» GOAL OF THE EXERCISE: Could you restate word for word the lines running from the one with "مجموعة أدوات مائدة" to the end of the data, both ends included, but without pictures?
[SUPPLIED MATERIAL Boundary: Start]
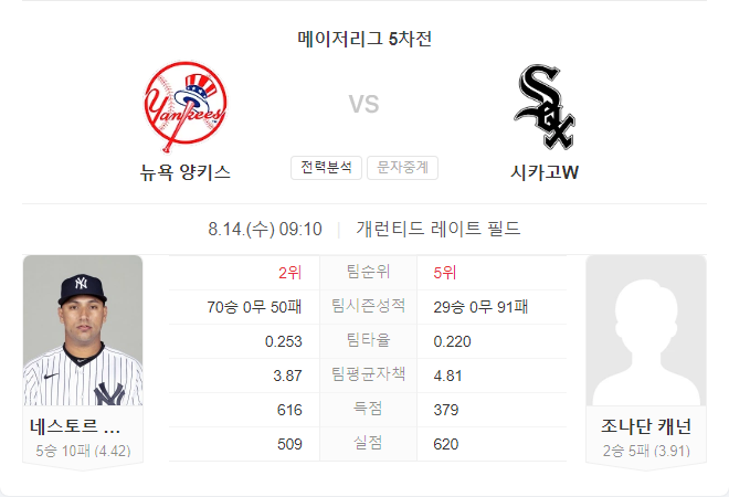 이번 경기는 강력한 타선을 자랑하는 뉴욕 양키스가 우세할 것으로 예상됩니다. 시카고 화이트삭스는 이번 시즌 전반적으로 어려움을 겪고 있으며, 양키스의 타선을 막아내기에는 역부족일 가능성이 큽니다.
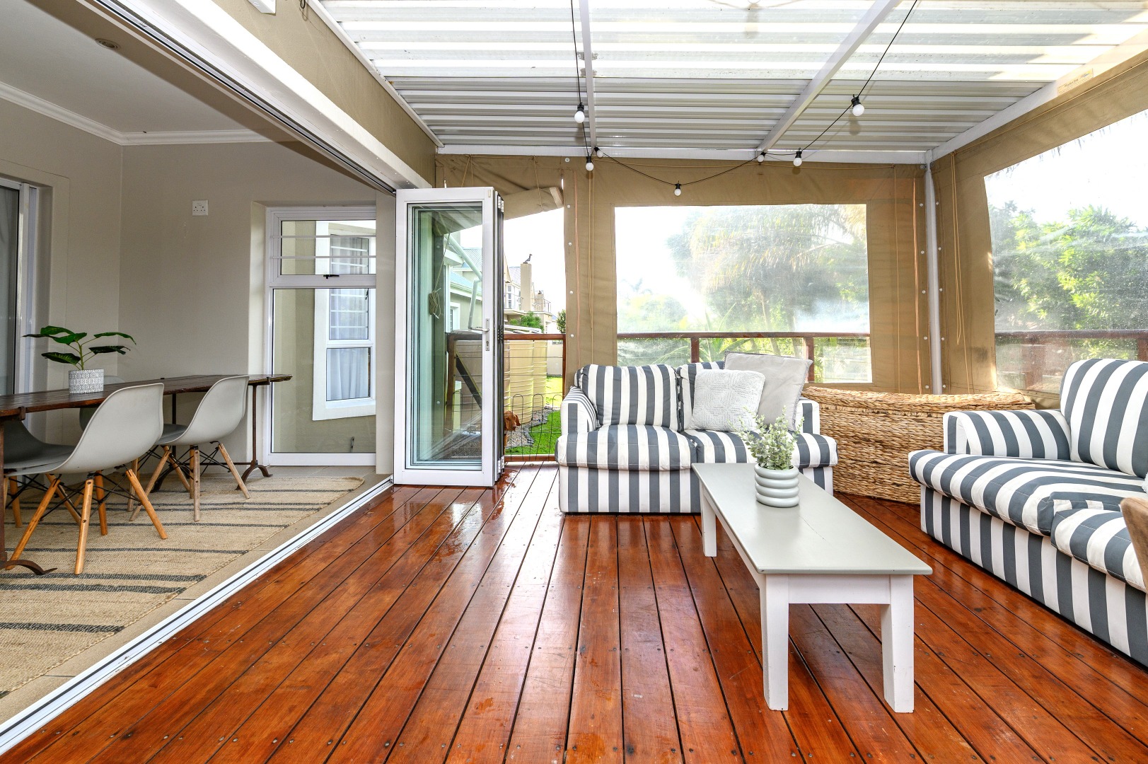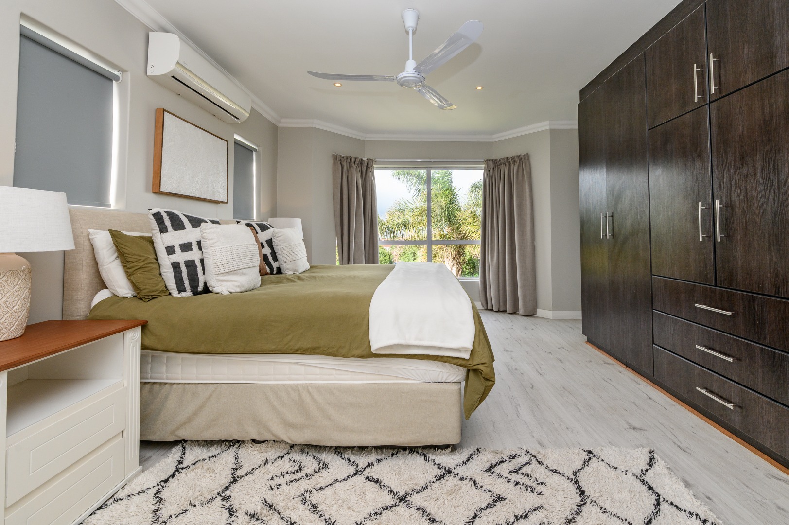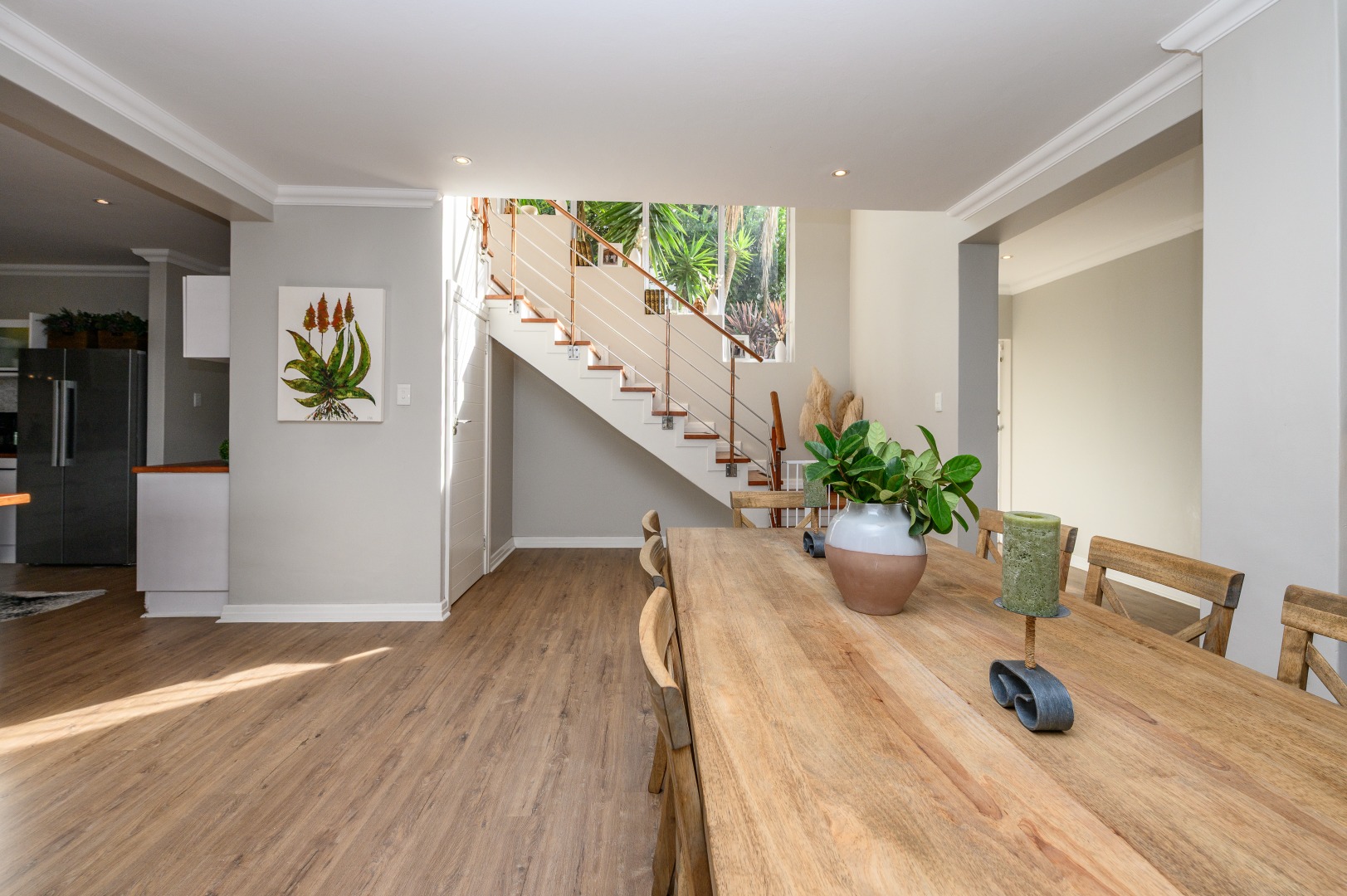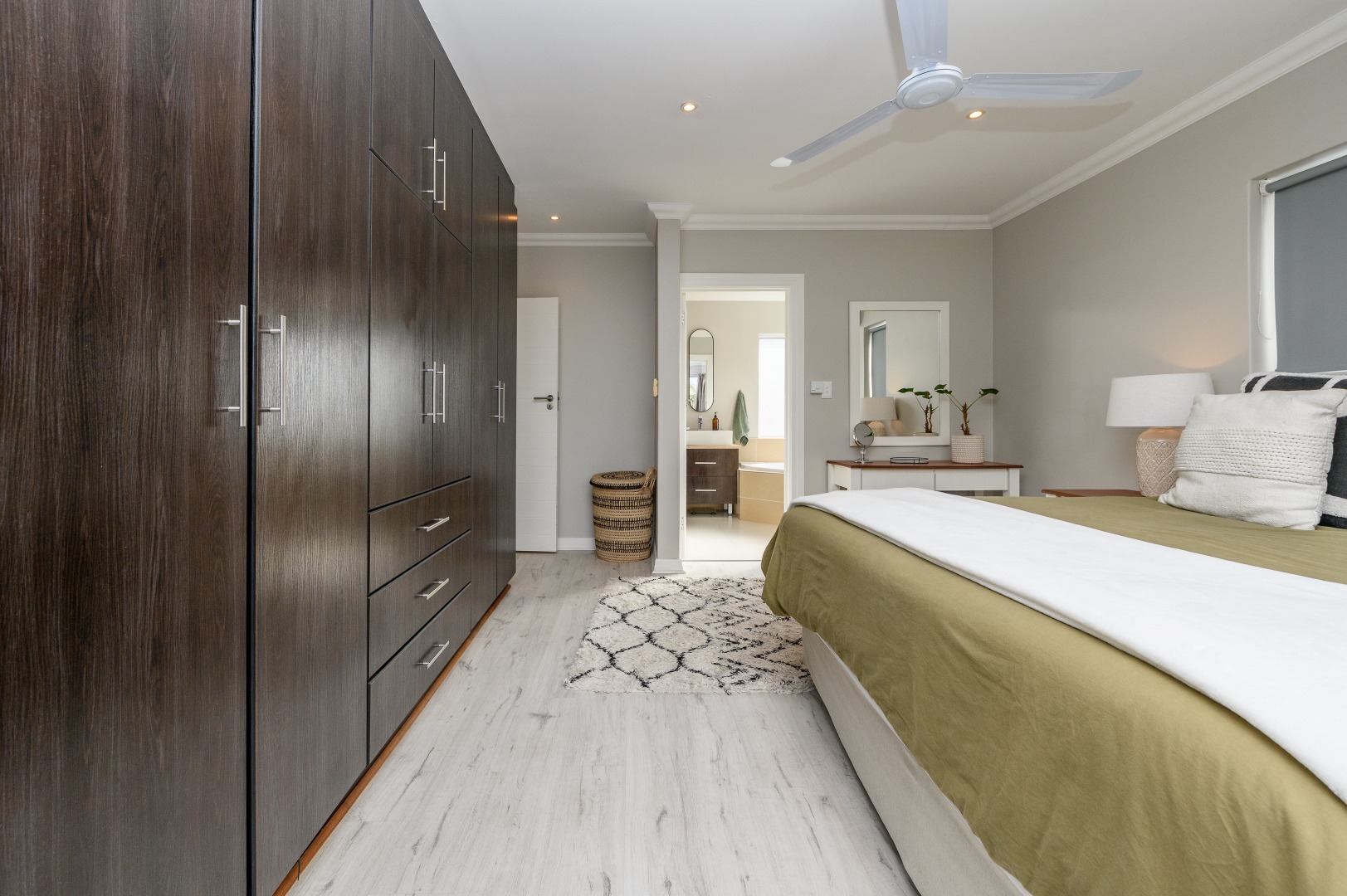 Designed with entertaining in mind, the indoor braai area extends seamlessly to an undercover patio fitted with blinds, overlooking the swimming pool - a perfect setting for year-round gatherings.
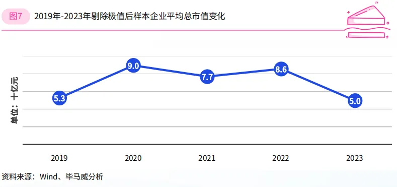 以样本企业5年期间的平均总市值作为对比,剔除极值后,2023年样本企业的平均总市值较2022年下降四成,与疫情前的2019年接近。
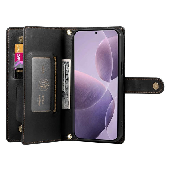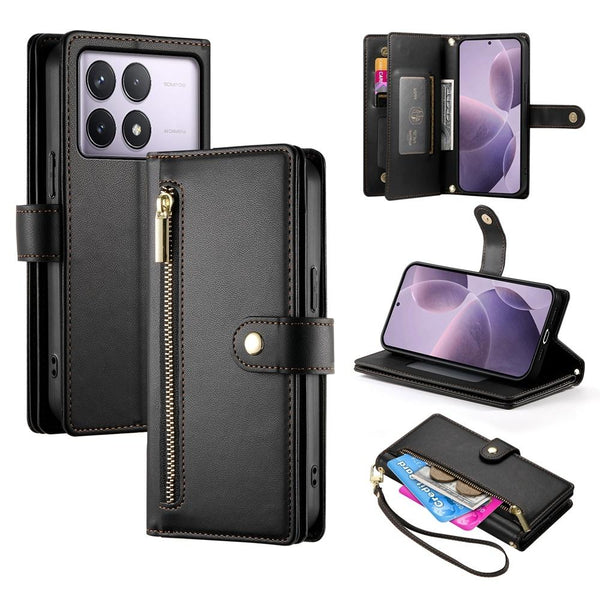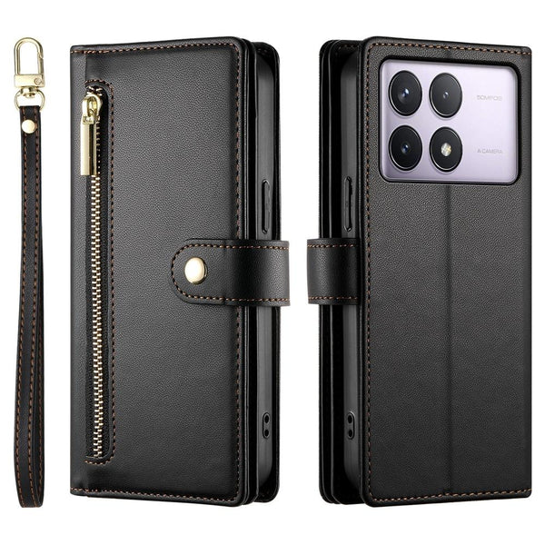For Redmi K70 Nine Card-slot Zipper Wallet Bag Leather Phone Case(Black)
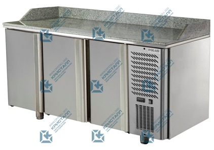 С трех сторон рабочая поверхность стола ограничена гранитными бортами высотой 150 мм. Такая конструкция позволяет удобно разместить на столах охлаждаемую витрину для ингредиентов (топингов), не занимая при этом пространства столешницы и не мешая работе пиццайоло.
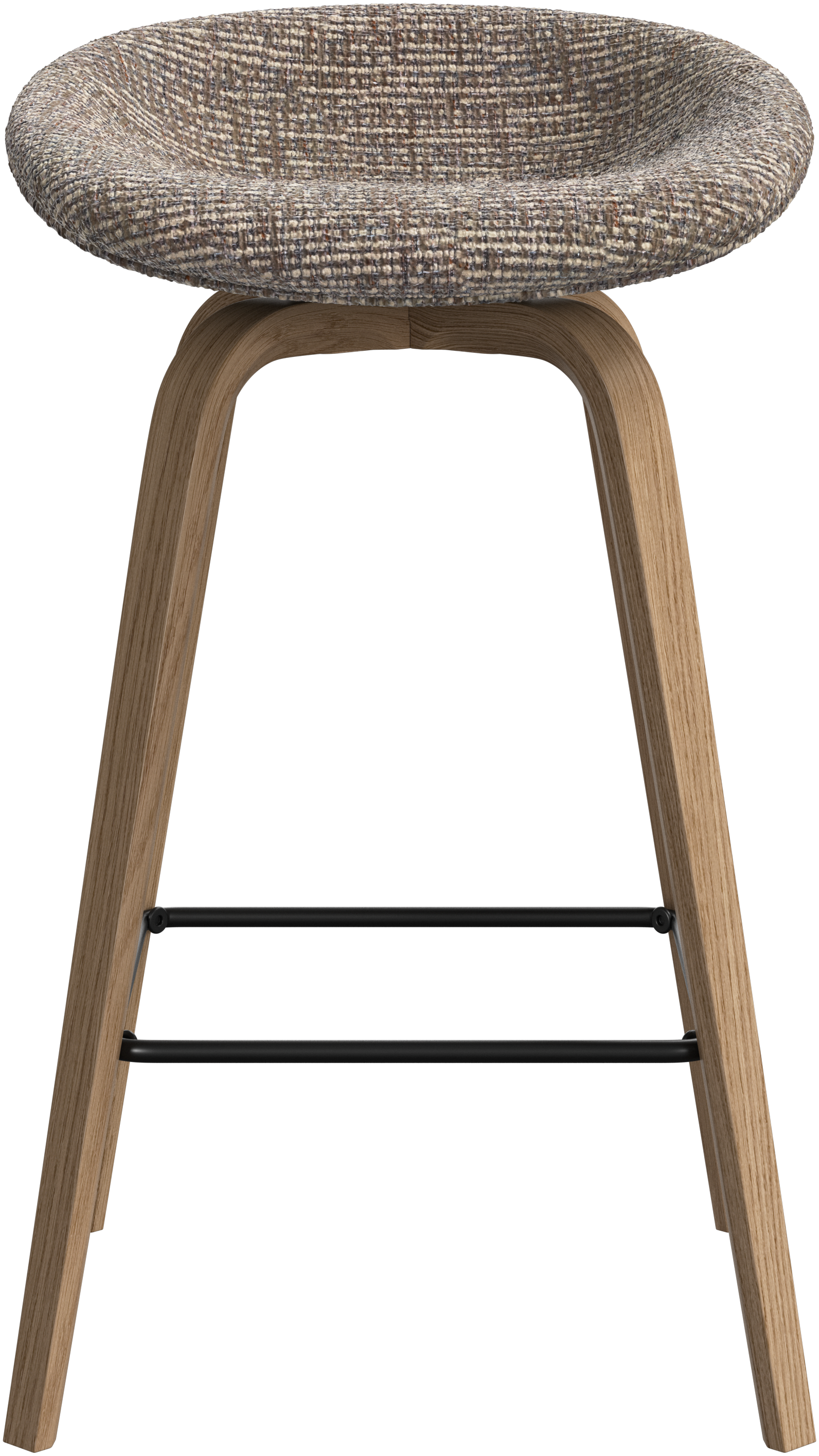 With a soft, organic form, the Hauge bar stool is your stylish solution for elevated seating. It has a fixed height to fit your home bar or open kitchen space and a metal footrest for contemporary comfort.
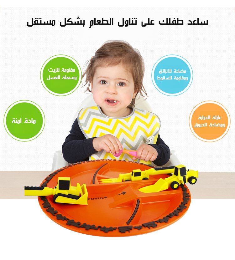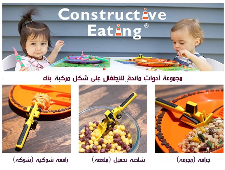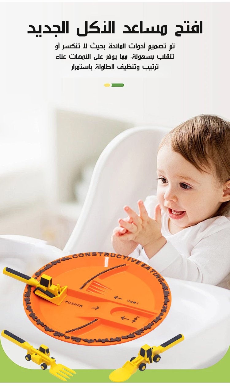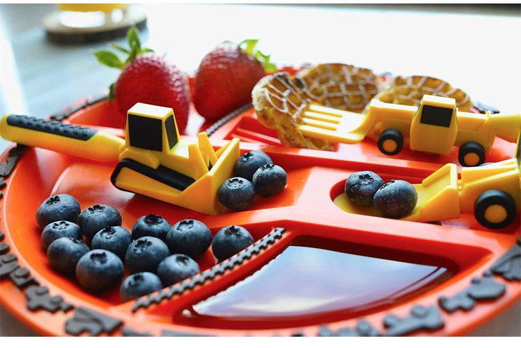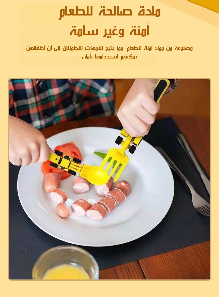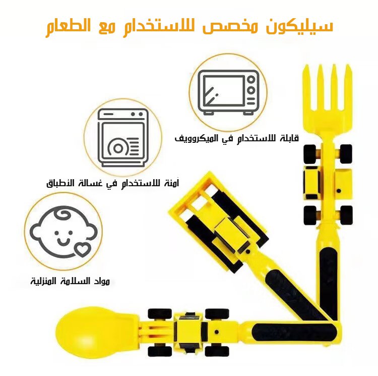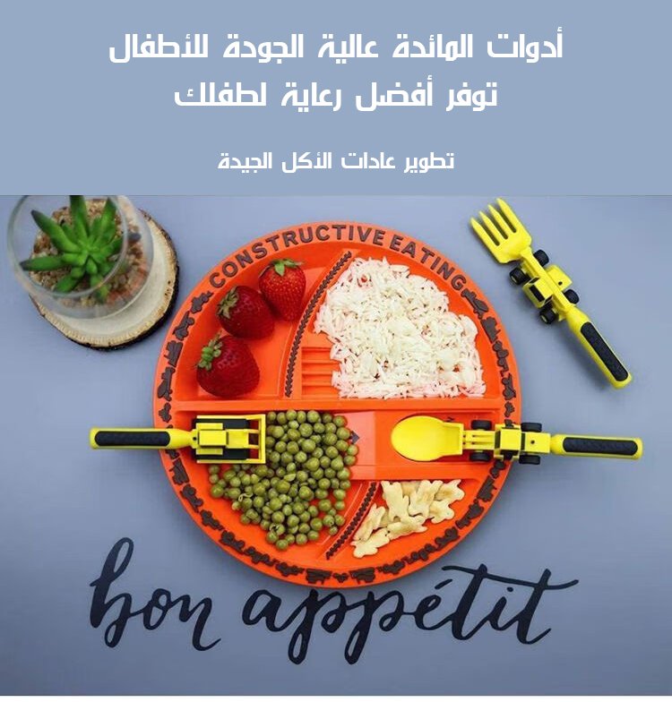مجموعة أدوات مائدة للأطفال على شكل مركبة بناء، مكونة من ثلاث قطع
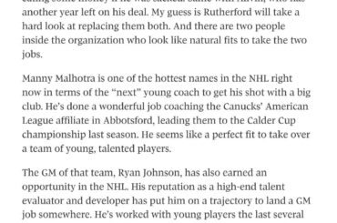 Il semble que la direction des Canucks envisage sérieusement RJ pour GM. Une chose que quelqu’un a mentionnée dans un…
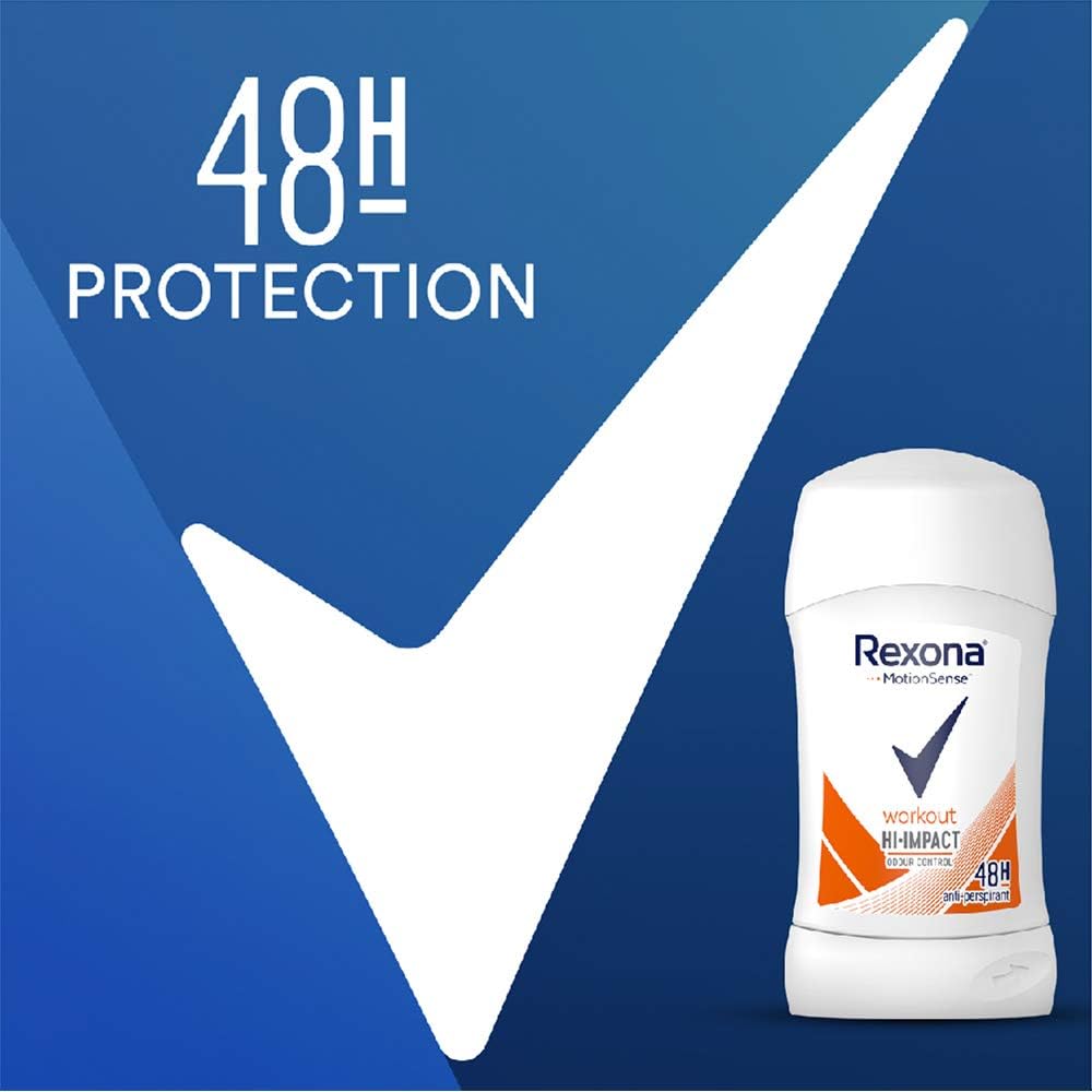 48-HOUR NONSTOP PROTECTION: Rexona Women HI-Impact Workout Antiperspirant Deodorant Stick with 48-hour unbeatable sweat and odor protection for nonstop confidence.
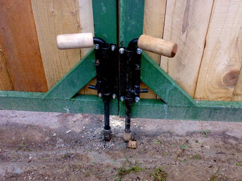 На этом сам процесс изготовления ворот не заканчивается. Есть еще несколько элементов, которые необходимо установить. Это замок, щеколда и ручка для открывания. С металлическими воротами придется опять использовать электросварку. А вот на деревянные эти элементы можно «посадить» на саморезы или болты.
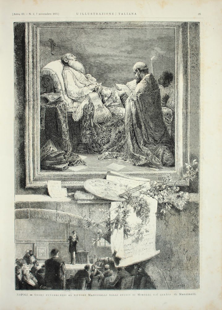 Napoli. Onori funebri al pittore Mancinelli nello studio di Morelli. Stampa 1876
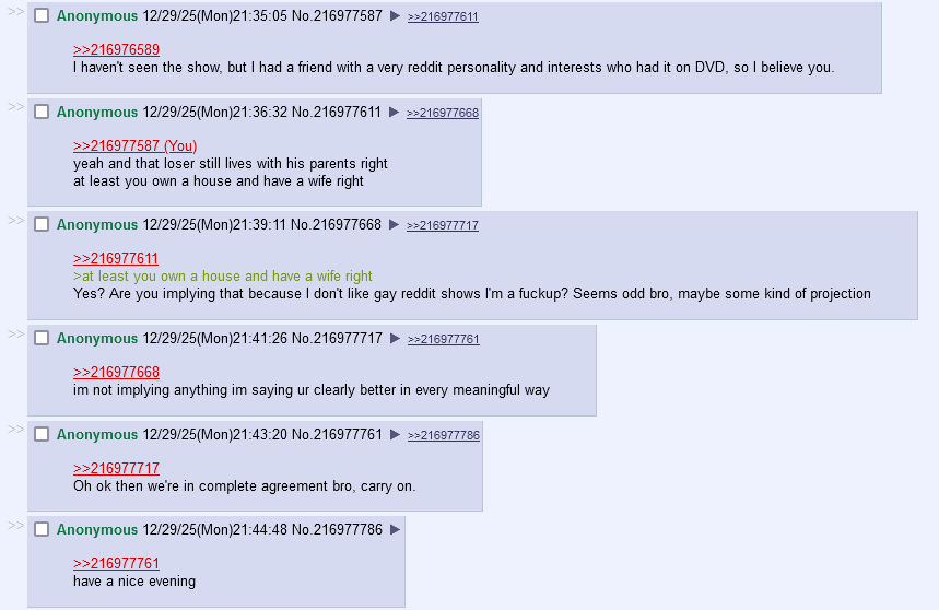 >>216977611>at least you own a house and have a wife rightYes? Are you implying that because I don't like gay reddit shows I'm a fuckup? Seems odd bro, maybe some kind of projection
[SUPPLIED MATERIAL Boundary: End]
» SOLUTION TO THE PROBLEM:
مجموعة أدوات مائدة للأطفال على شكل مركبة بناء، مكونة من ثلاث قطع
 Il semble que la direction des Canucks envisage sérieusement RJ pour GM. Une chose que quelqu’un a mentionnée dans un…
 48-HOUR NONSTOP PROTECTION: Rexona Women HI-Impact Workout Antiperspirant Deodorant Stick with 48-hour unbeatable sweat and odor protection for nonstop confidence.
 На этом сам процесс изготовления ворот не заканчивается. Есть еще несколько элементов, которые необходимо установить. Это замок, щеколда и ручка для открывания. С металлическими воротами придется опять использовать электросварку. А вот на деревянные эти элементы можно «посадить» на саморезы или болты.
 Napoli. Onori funebri al pittore Mancinelli nello studio di Morelli. Stampa 1876
 >>216977611>at least you own a house and have a wife rightYes? Are you implying that because I don't like gay reddit shows I'm a fuckup? Seems odd bro, maybe some kind of projection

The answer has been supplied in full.